Hi i am running one use case of Python Snowpark , it is specific to running lots of data loads in parallel. I have close to 42 tables which are loaded from SnowFlake.AccountUsage Views , The data into these tables are independent of each other so i tried to use Snowpark python library to do parallel data load using multiprocess package library. However when i ran this code from my laptop the code ran successfully but same code failed in Snowflake machine ; looks like Snowflake has designed its warehouses to not allow to fork/spawn the process for parallel processing. Do you have any thoughts on how to do the parallel data loading without using multiprocess package.
This is architectural level question, I request you not to close this query without inputs from architects.

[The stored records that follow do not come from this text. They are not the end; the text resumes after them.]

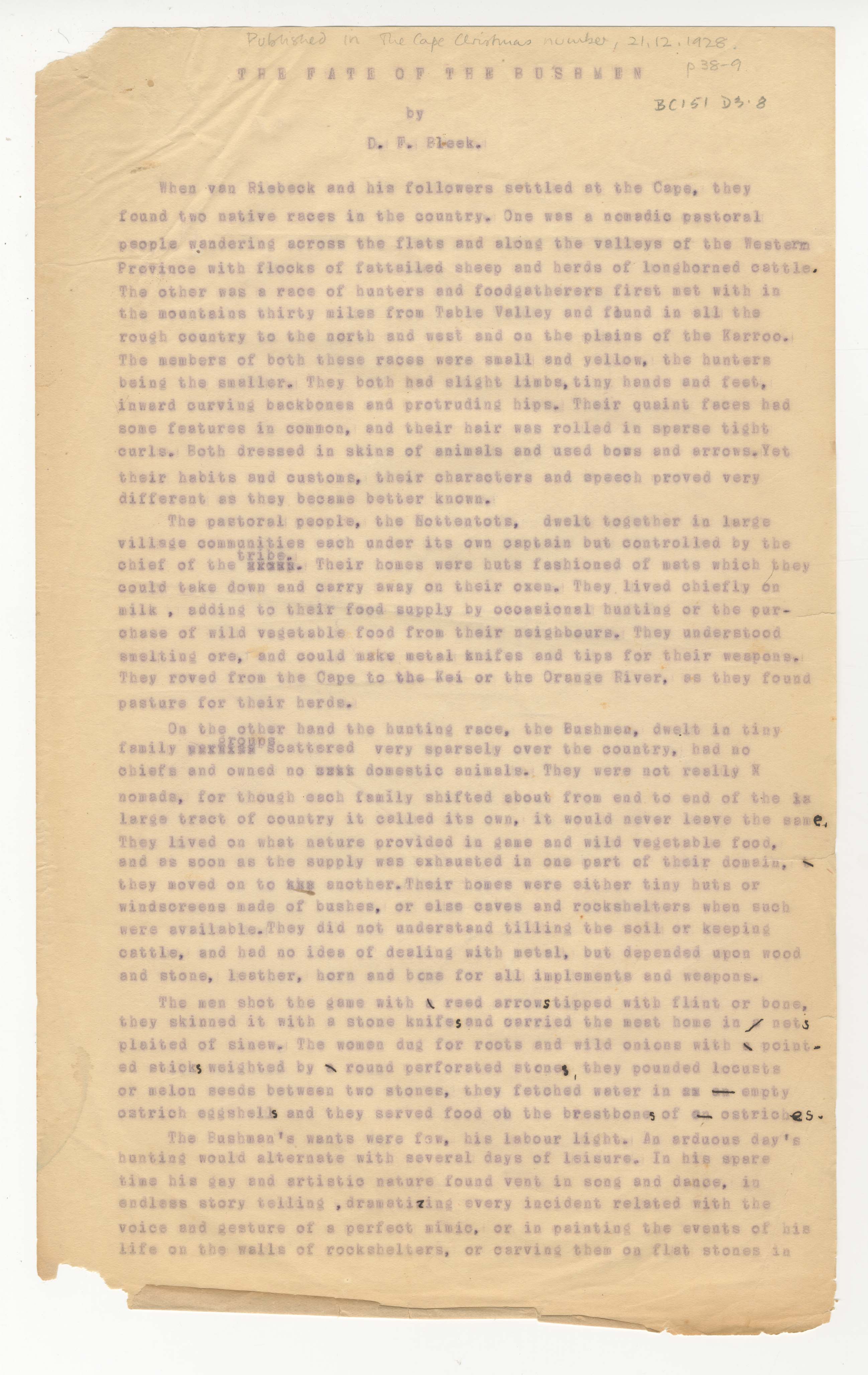 Page 1 of Dorothea Bleek's Cape Times article entitled 'The Fate of the Bushmen'. A handwritten pencil note (in English) above the article's title reads: 'Published in the Cape [Times] Christmas number 21.12.1928. p38-9'.
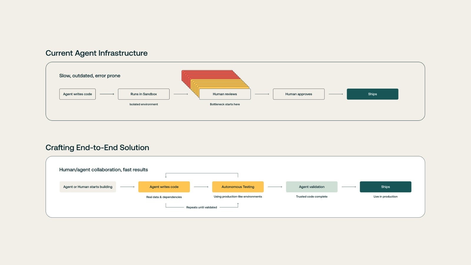 しかし、AIエージェントがプルリクエストを作成し、本番コードを書くようになっても、その内容を検証するためのインフラが追いついていません。エンタープライズのシステムはあまりに複雑でサンドボックス環境だけでは再現しきれず、最終的な確認や検証の段階でエンジニアがボトルネックになっているのが現状です。
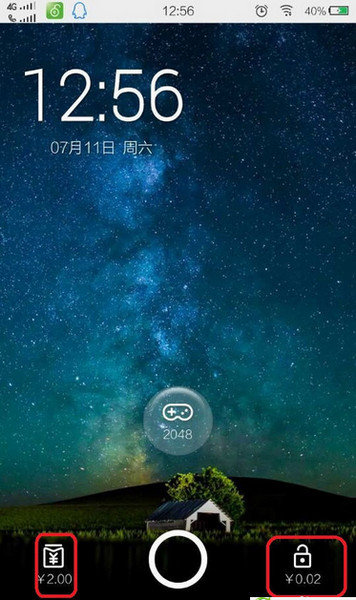 3.试着锁屏,如图所示,左边是邀请收益,右边则是划屏收益,有时还会出现分享收益(中间的是2048游戏,玩到高分再分享还有可能获奖哦)
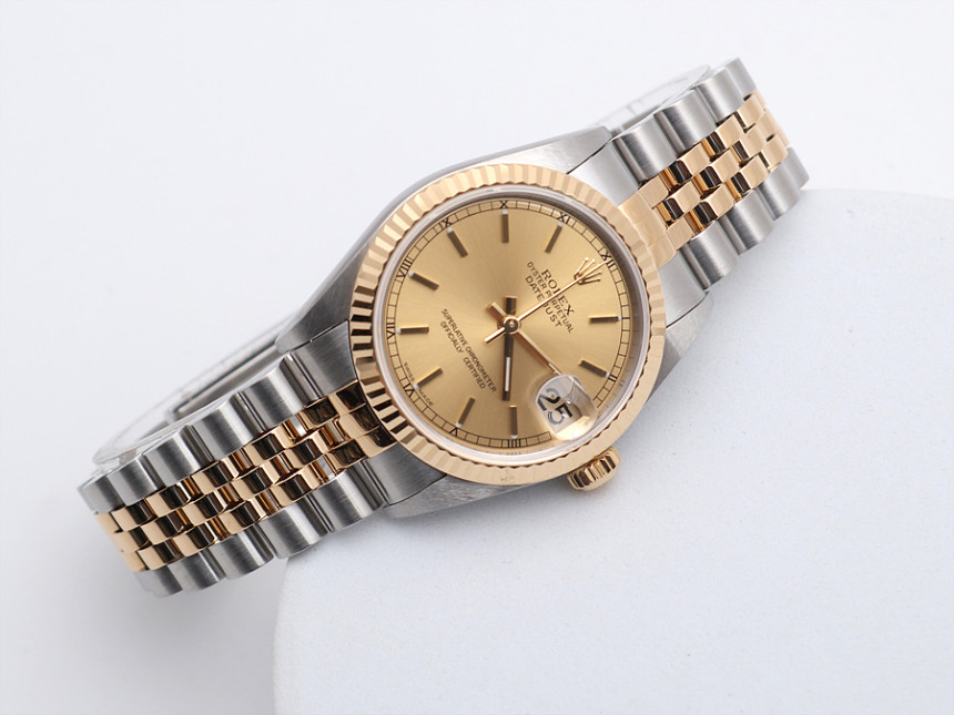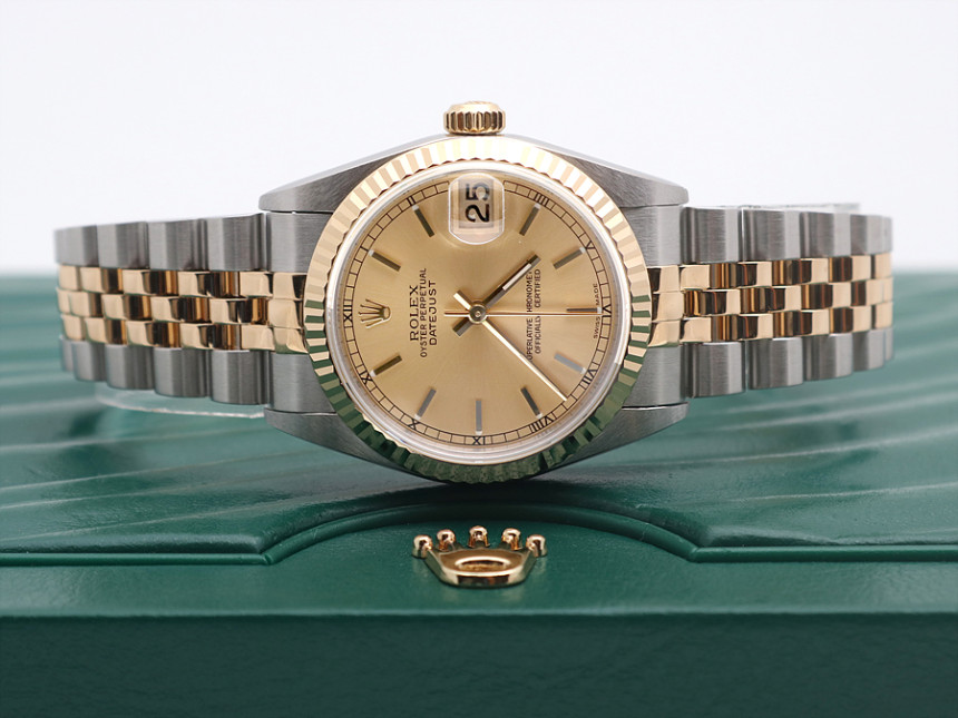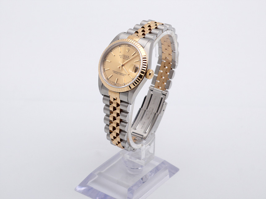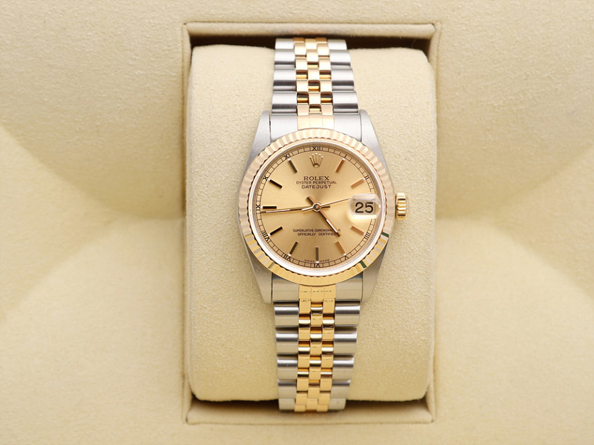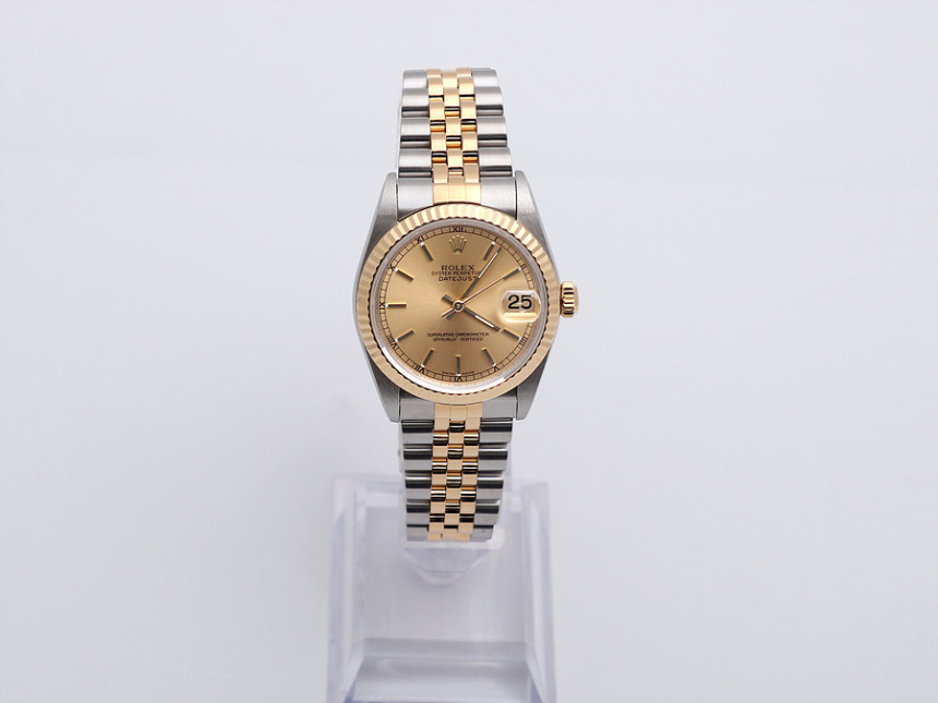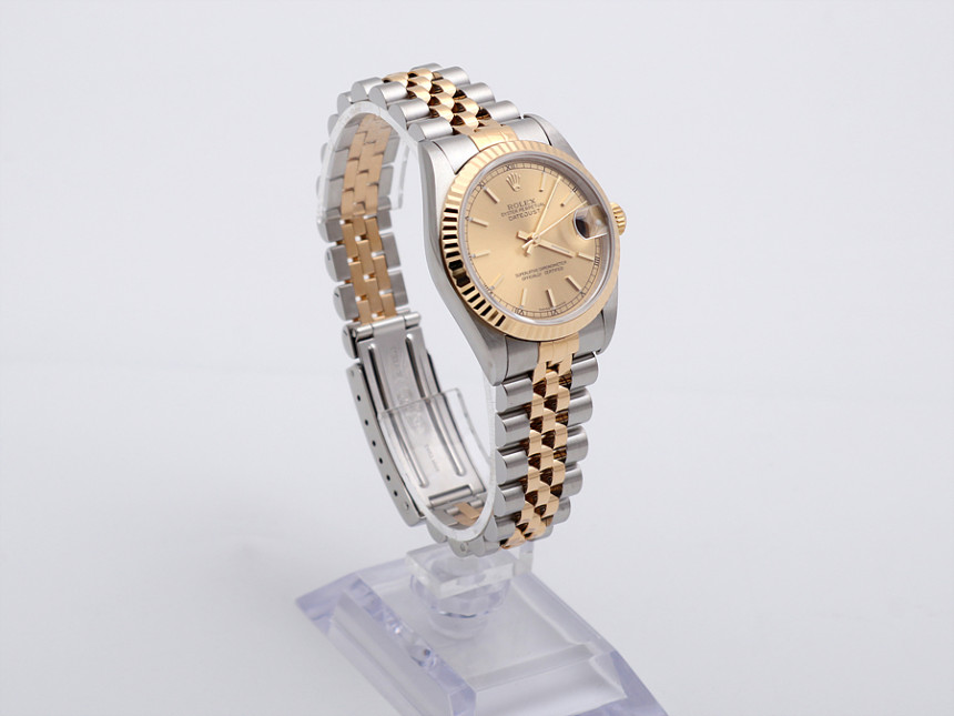 31미리, 스틸 & 18K 옐로 골드, 골드 바 인덱스, 3시 방향 캘린더 창이 세팅된 골드 다이얼, 골드 핸즈, 사이클롭스 렌즈가 적용된 크리스탈 사파이어, 18K 옐로 골드 플루티드 베젤, 쥬빌리 브레슬릿, 1999년.
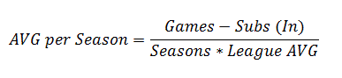 The AVG per Season record itself is rather simple formula to calculate the percentage of games any player couldai??i??ve played over x-amount of seasons. Itai??i??s a variable, not an absolute.
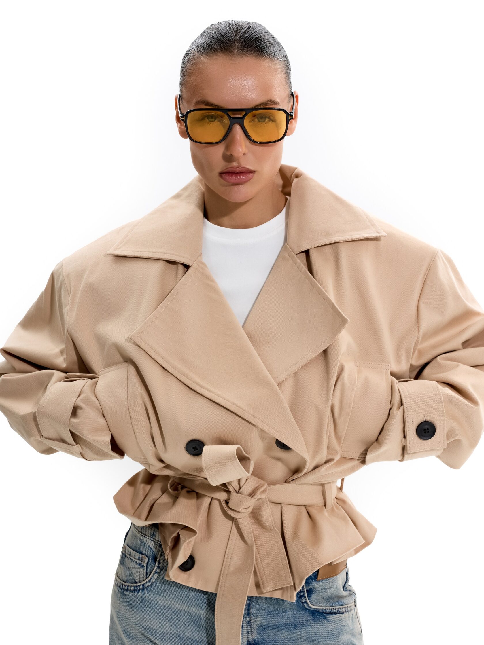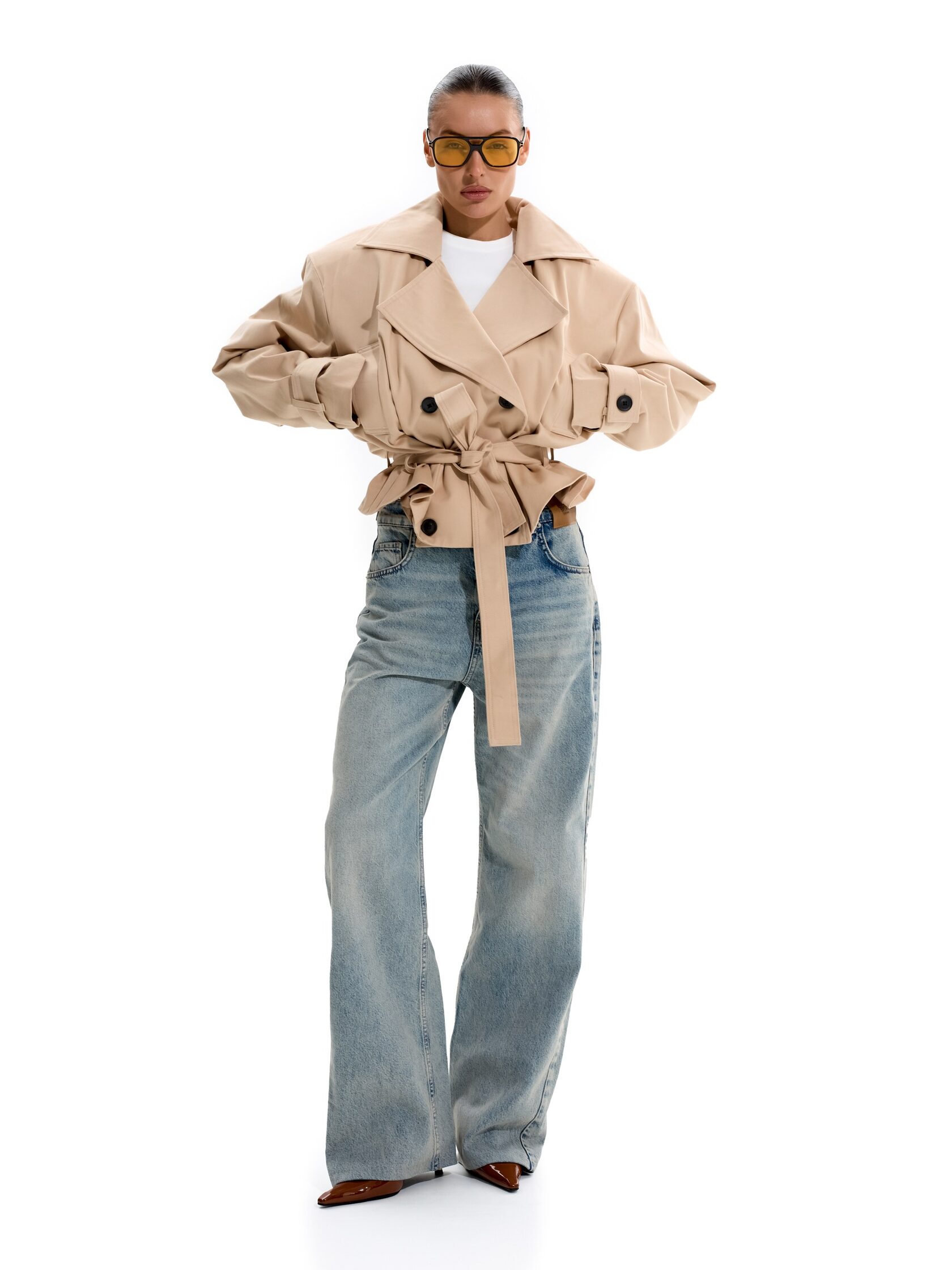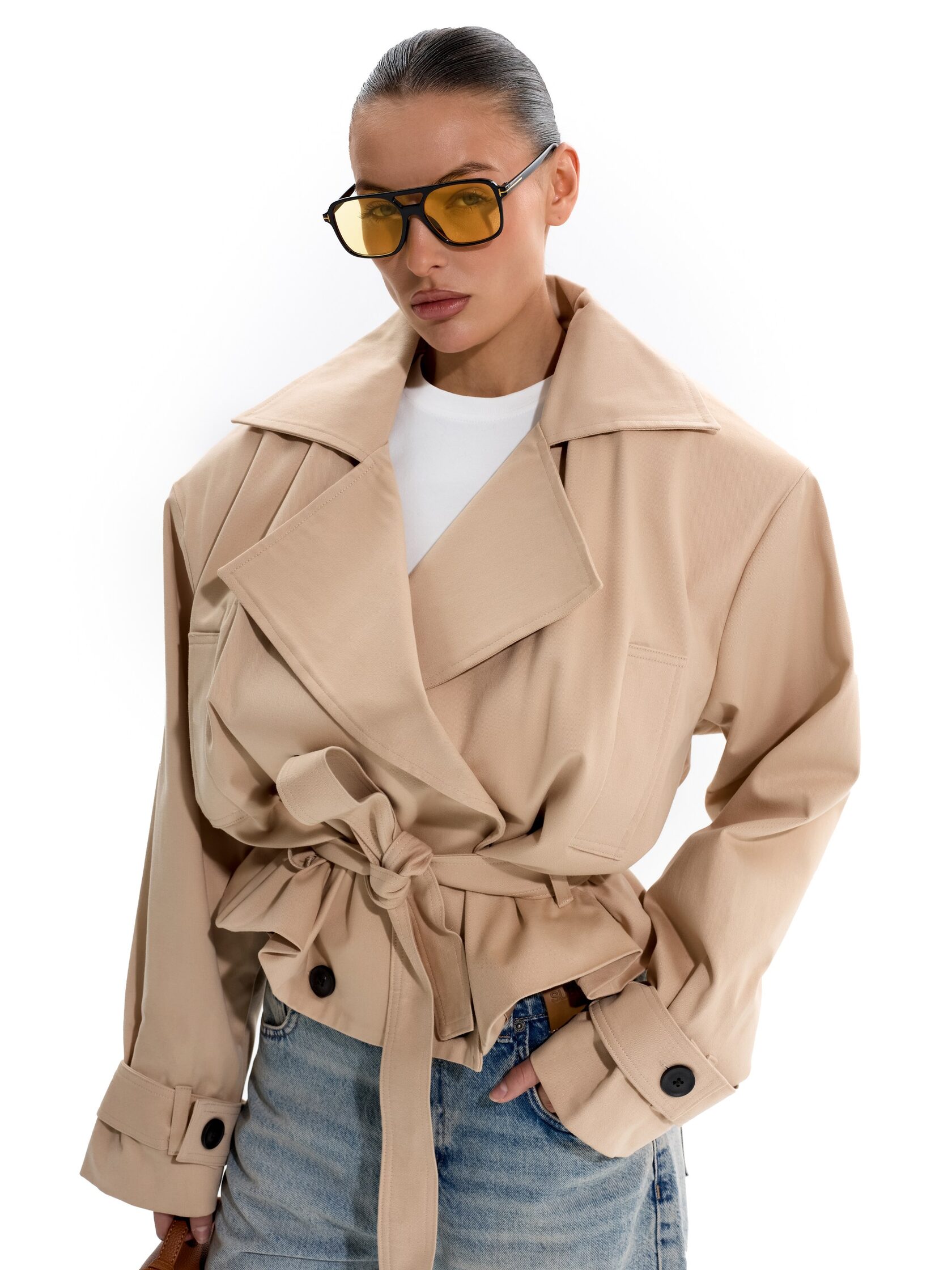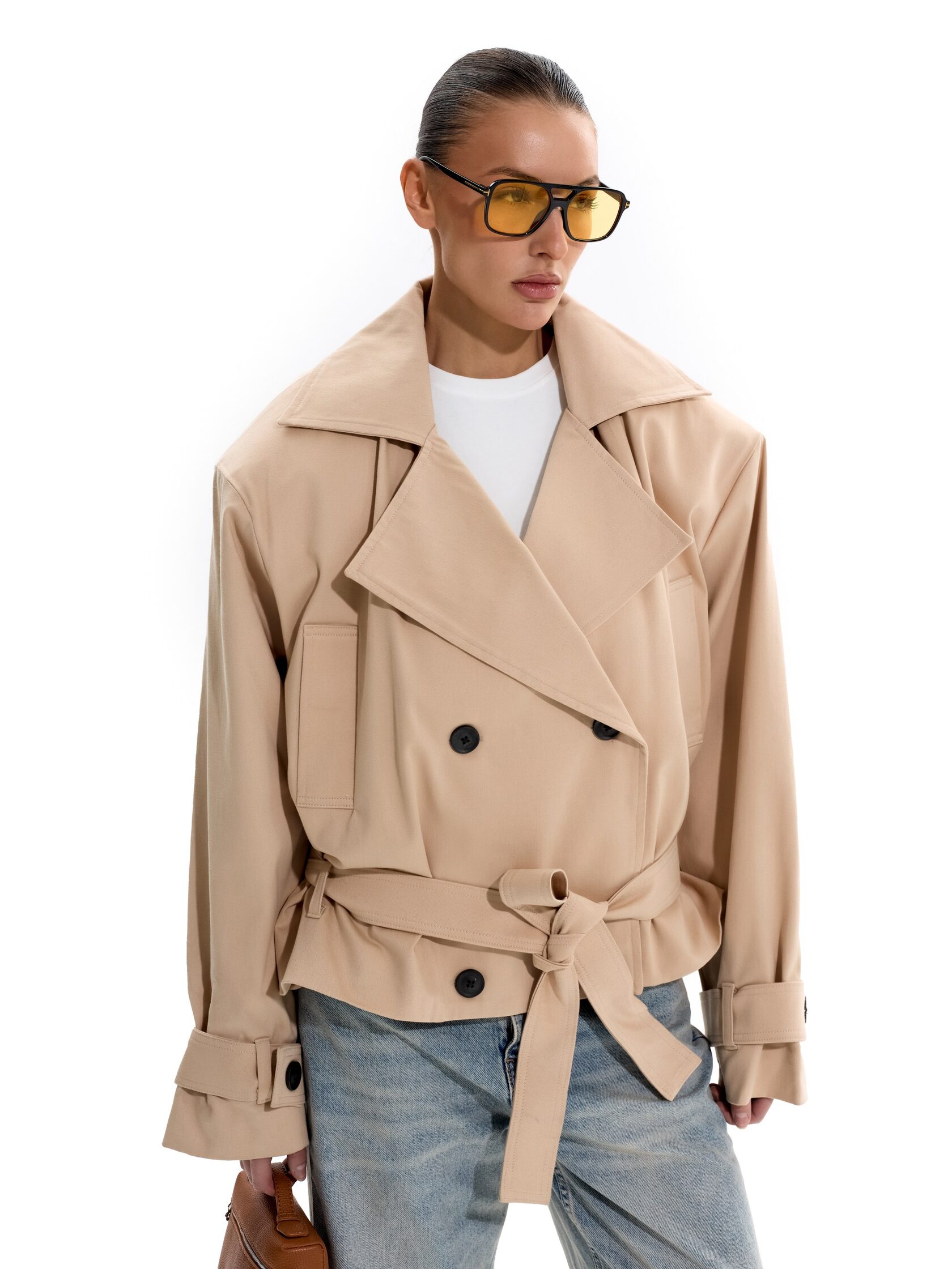 Укороченный тренч с объемными плечами
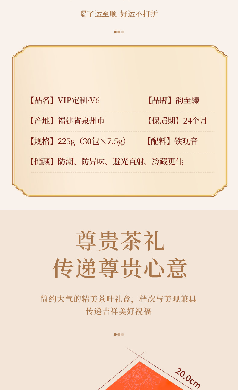 【V6】韵至臻浓香型乌龙茶 韵香型铁观音VIP定制V6 225g/盒
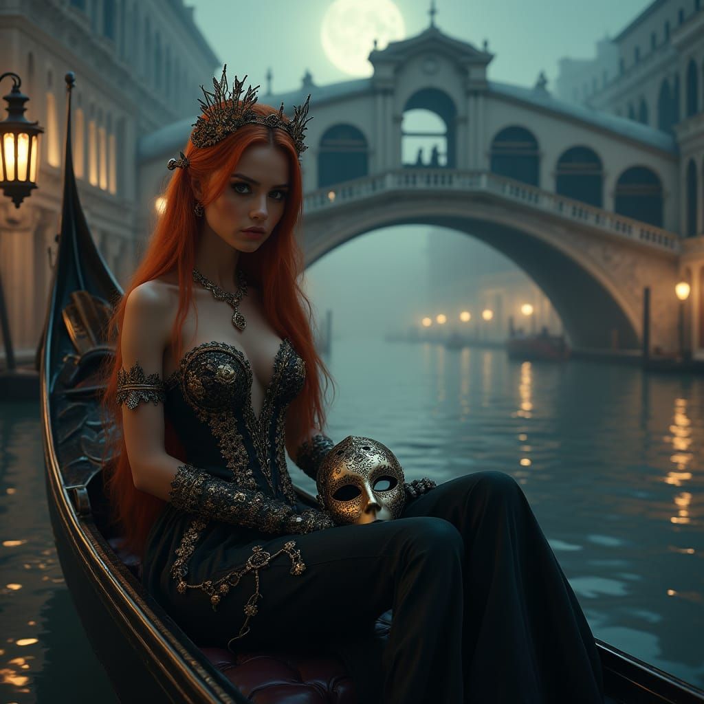 A striking image of a red-haired woman in a steampunk-inspired corset, seated in a gondola on Venice's Grand Canal. The scene blends metallic and gothic elements under moonlight, evoking a futuristic, industrial aesthetic.

The Error Message I am getting it
"/usr/lib/python_udf/1439992e4e54a095348cc1d96f9448a9579f940638c334772ebfeb71ef5b03e0/lib/python3.8/site-packages/multiprocess/popen_fork.py", line 70, in _launch self.pid = os.fork() PermissionError: [Errno 1] Operation not permitted in function TEST_SNOWPARK with handler run
from multiprocess import Process
from snowflake.snowpark import Session
TransactionDataLoadSqlList=["""INSERT OVERWRITE INTO DB.SCHEMA.T_STAGES SELECT * FROM SNOWFLAKE.ACCOUNT_USAGE.STAGES" """]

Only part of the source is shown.